Thread: New Book (valuable tool) "Router Joinery Workshop" by Carol Reed

  1. #1
    Join Date
    Jun 2008
    GTA Ontario Canada

    New Book (valuable tool) "Router Joinery Workshop" by Carol Reed

    One of the greatest gifts i think a person can ever recieve is a book. It follows my view of teach a man to fish, rather than giving him fish. And if we consider history books have been a way of passing down knowledge over the years.

    So i posted these comments on my new book(btw i aint no book critic) given to me by a fellow member in the New Tools section of our forum because i feel a book is probably at the top of the pyramid in new tools. After all what is a tool of any kind if the knowledge on how to use it aint there.

    The book "Router Joinery Workshop" which Carol Reed (one of our family members) covers the subject of routers and frankly i now wish i had bought the book before i bought a router.

    This is just a preview to what i have discovered lies ahead. At first glance its loaded from the beginning with valuable information that you keep going doh Rob if only you had read that first and so on. But i have learnt its never too late to learn. People like me though seem to learn the hard way. I would like others to benefit from my hard knocks and if at all possible avoid them and the waste associated with the method.

    So this so far is what i gleened and this i might add is only by glancing through the book and page hoping for 30 minutes.

    The biggest bonus that occurred to me, is that Carol is a member here and if i come unstuck with something in the book, a PM will allow me to sort it out. Now that is a first for me.

    1) Get the book before you buy a router.
    2) Get the book before you buy another bit.
    3) Found a neat so simple scraper shop jig that i could kick myself all around my shop like a seargent would do in the army comics.
    4) Dont keep router bits you damaged. Oh boy the horder in us thinks we will recover this bit someday but the brain says you aint. I even put the book down went to my shop and have a bunch of bits that promptly found their way to the garbage bin as a result.

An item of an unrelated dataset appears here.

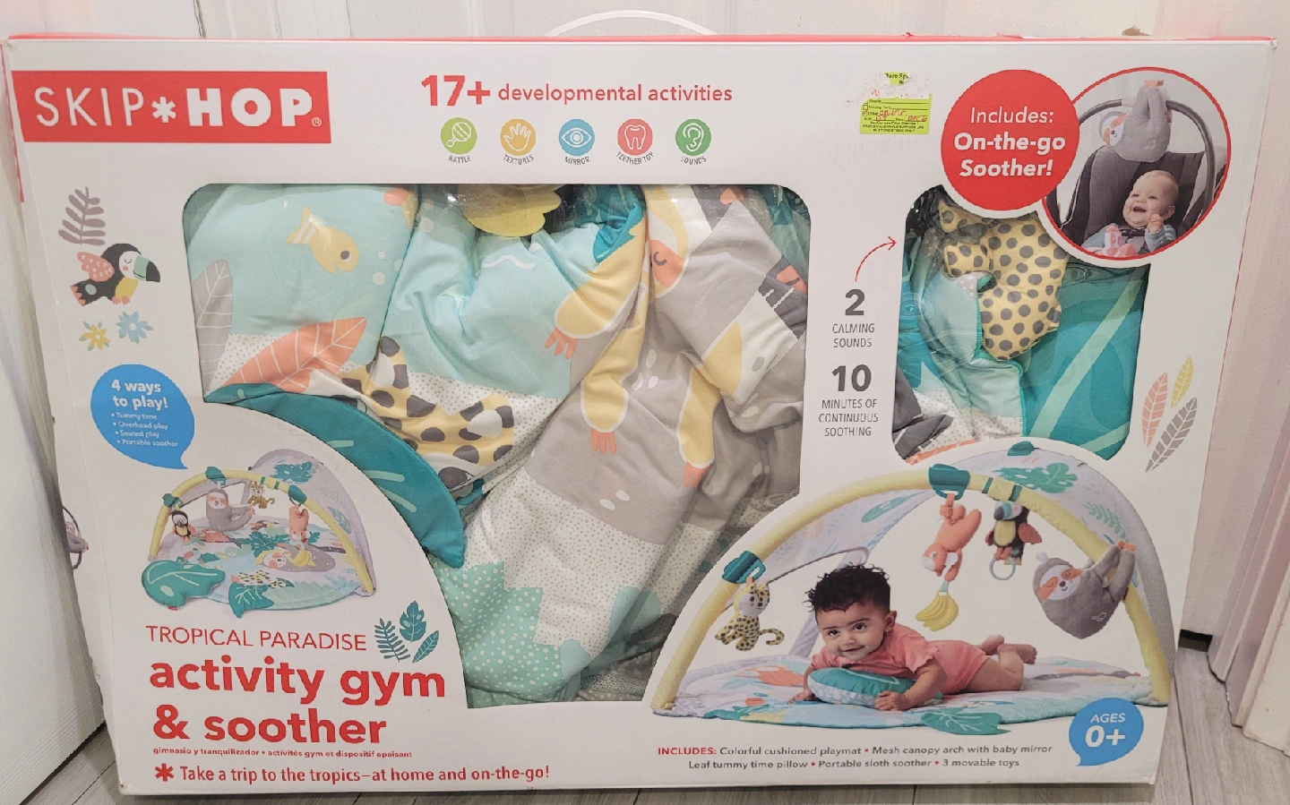 10Get ready for playtime with this Skip Hop Tropical Paradise Activity Gym & Soother! It offers 4 ways to play. This engaging activity gym offers 2-in-1 versatility. It has 17+ developmental activities

    5) The router can do way more than i thought. Way way more.
    6) There is hugely valuable info on selection of bits in this book. Someday the tool manufacturers will wake up and educate their customers. I dont think they actually realize that there must be many people like me that dont buy the fancy bits because they just dont know how to use them or that the selection is so vast they seem contradictory. So you hold off. That is until you get a book like this. Carol has a page that shows three bits that do the same thing. Mmmh i had that sneaky feeling when i see them in the store but hey who was i to say that with my limited knowledge so not wanting to get ripped off you just dont venture.
    7)If you have a technical and mechanical intuition which i would think most woodworkers have, you might find at times a little voice saying to you why did the manufacturer not do this or that. Then you see what Carol has done with router bases and additional handles and you have the aahah moment. How did they expect us to hold that router in our hands with the torque it generates and do it with what 6 inches between our hands. Make that base 15 inches wide and put two decent handles on there and watch the difference. Thats what Carol has done.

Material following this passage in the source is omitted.